3) npm registry (convenient):

npm i purechart

Quick start

import { barChart } from 'purechart';
import 'purechart/chart.css';     // bundler; or use 'purechart/auto' for no-build

el.innerHTML = barChart(
  [{ t: 1735689600, ok: 40, error: 3 }, { t: 1735693200, ok: 52, error: 5 }],
  [{ key: 'ok', className: 'purechart-series--ok' }, { key: 'error', className: 'purechart-series--error' }],
  { stepSecs: 3600 },
);

Or fully declarative — the <purechart-chart> element renders itself from its own content (no per-element JS); data shape is { series?, config?, data }:

<purechart-chart type="bar">
  <script type="application/json">{ "series": [...], "config": {...}, "data": [...] }</script>
</purechart-chart>

📖 Full guide (every chart type, options, interaction, theme/palette): src/USAGE.md — it ships inside the package, so it's readable after install (node_modules/purechart/src/USAGE.md).

Development

  • Test: npm test (node --test, built-in) · Type-check: npm run typecheck (tsc via npx, nothing installed)
  • Check the published package: npm run pack:check · Demo: python3 -m http.server/demo.html
  • No dependencies at all — not even dev ones. Type-checking uses npx typescript on demand (not in package.json).
  • Conventions & how to add a chart: see CLAUDE.md.

Contributing & project scope

purechart is public for use, audit, and forking under the MIT license — but it is maintained solely by @madnh and does not accept outside contributions.

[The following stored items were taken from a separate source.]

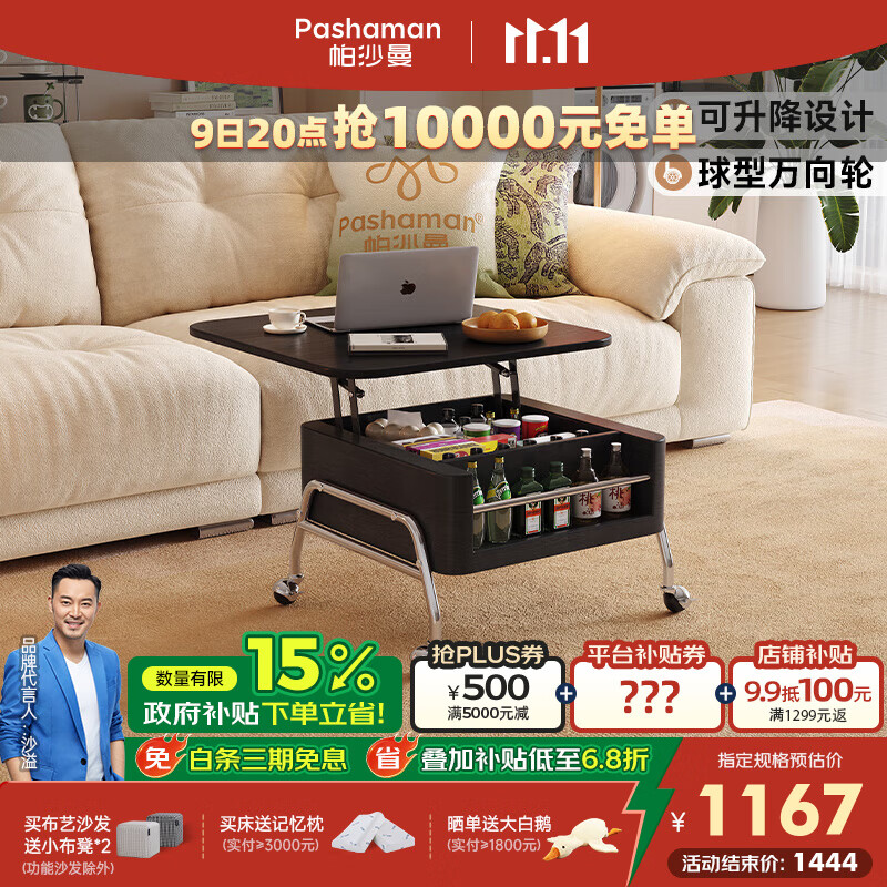 帕沙曼轻奢升降可移动茶几桌茶桌子多功能储物小户型客厅家用边几 6419Y 【极简黑】可升降多功能茶几 设计师新款
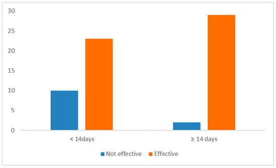 Responses on treatment duration were categorized into two groups: ‘<14 days’ (51.6%, 33/64) and ‘≥14 days’ (48.4%, 31/64). A statistically significant association (p = 0.015) was observed between treatment duration and perceived efficacy. Owners administering treatment for ≥14 days reported a higher positive outcome (93.5%) compared to those administering it for <14 days (69.7%) (Figure 4).
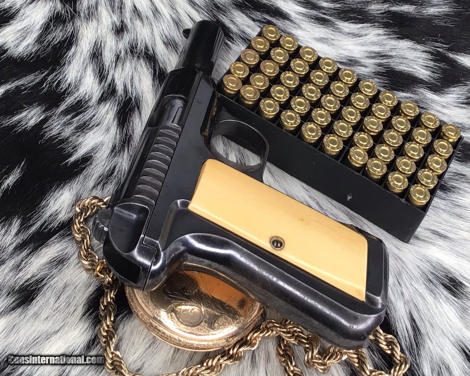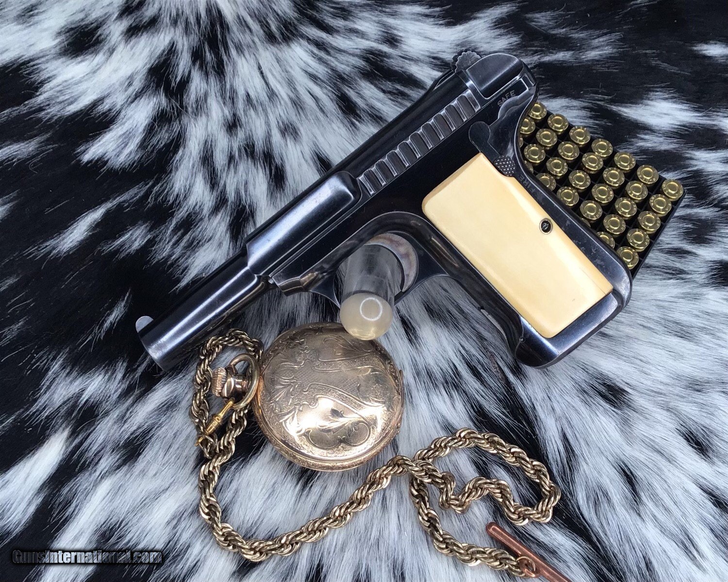 Description: This Beautiful Savage 1907 pistol was shipped June 10, 1913 to Supple Biddle Hardware Co. of Philadelphia PA. Wearing a 4 1/4 inch barrel, antique Pre ban Ivory panel grips and retains 90% or better of its factory blued finish. Case colors on trigger are also good. Factory letter from Savage comes with gun to document its history. Smooth action with Indian Chief logo grips. This pistol was way ahead of its time in design. Add 3% if paying with credit card. God Bless America from a proud American, and a Viet Nam Vet , thankful for our freedoms.. paid for by the Blood ,Sweat and Tears of our brave men and women in uniform. Ten Below Firearms is a Veteran owned and operated business. We specialize in out of production models of high quality firearms. We love to ship! If you are out of state or can't make it to our store, just give us a call! Handguns normally ship for $30 and Long guns for $40 to $65 for extra length long guns. That's 2-3 day USPS Priority shipping, Delivery conformation and with tracking number. Optional Postal insurance is additional $1.70 per $100 and highly recommended SOLD Curio/Relic: Yes Handgun Caliber: .32 ACP (7.65x17mm Browning SR) Manufacturer: Savage Model: 1907 Serial Number: 87879 Barrel Length: 4.25 in h Condition: 90 plus% Metal Condition: Very good Bore Condition: Very good Action: Semi auto Finish: Blued Sights: Fixed Manufacture Date: 1913 |

This is deliberate: the library targets security-sensitive projects, so every line is authored and reviewed by a single maintainer as part of its threat model (it's also why releases are published manually, with no CI/GitHub Actions in the loop).

  • Issues are welcome — bug reports, questions, and ideas. They may be acted on at the maintainer's discretion.
  • Pull requests are not accepted and will be closed unmerged. No collaborators/contributors are added.
  • 🍴 Need a change now? Fork it — the MIT license lets you modify and ship your own copy freely; you just can't merge changes back upstream.

See CONTRIBUTING.md for the full policy.